## What this task involves:
Find the line containing "與傳統(tǒng)硅片的成本相比,直接法硅片的成本大幅降低,如下圖。" in the listing below; reproduce it and every line after, exactly. Skip pictures.

## Source material:
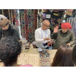 コモンズA館には、アフリカやヨーロッパ、中東、アジアなどから29カ国が出展している。とりわけ賑わっていたのが、手作りの工芸品や宝飾品を販売する中東・イエメンのブース。「海洋資源の持続可能な管理」(スリランカ)など、どの国も展示の幟に真面目なメッセージを載せる中、なぜかイエメンは「いつでもイエメン」と意味深。だが、それがいい。
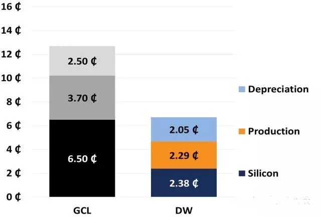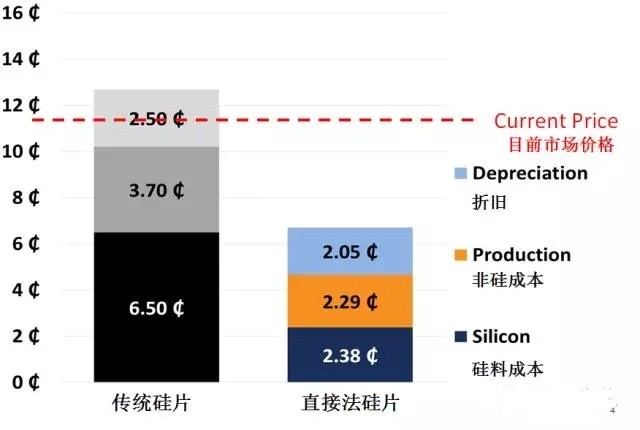 與傳統(tǒng)硅片的成本相比,直接法硅片的成本大幅降低,如下圖。
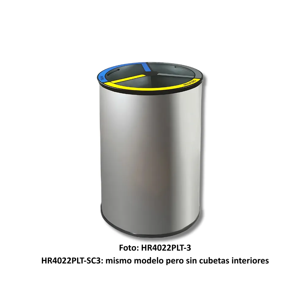 Los espacios públicos con separación selectiva que priorizan flexibilidad operativa y mantenimiento simplificado requieren soluciones que maximicen la capacidad útil sin elementos internos complejos. La HR4022PLT-SC3 presenta construcción chapa electrocincada con acabados colores personalizables y sistema de aros sujetabolsas en formato circular Ø465×860mm proporcionando 150L capacidad total para separación selectiva tripartita mediante bolsas diferenciadas, con peso optimizado de 11,9kg que facilita reubicación operativa.

## Written reply:
 與傳統(tǒng)硅片的成本相比,直接法硅片的成本大幅降低,如下圖。
 Los espacios públicos con separación selectiva que priorizan flexibilidad operativa y mantenimiento simplificado requieren soluciones que maximicen la capacidad útil sin elementos internos complejos. La HR4022PLT-SC3 presenta construcción chapa electrocincada con acabados colores personalizables y sistema de aros sujetabolsas en formato circular Ø465×860mm proporcionando 150L capacidad total para separación selectiva tripartita mediante bolsas diferenciadas, con peso optimizado de 11,9kg que facilita reubicación operativa.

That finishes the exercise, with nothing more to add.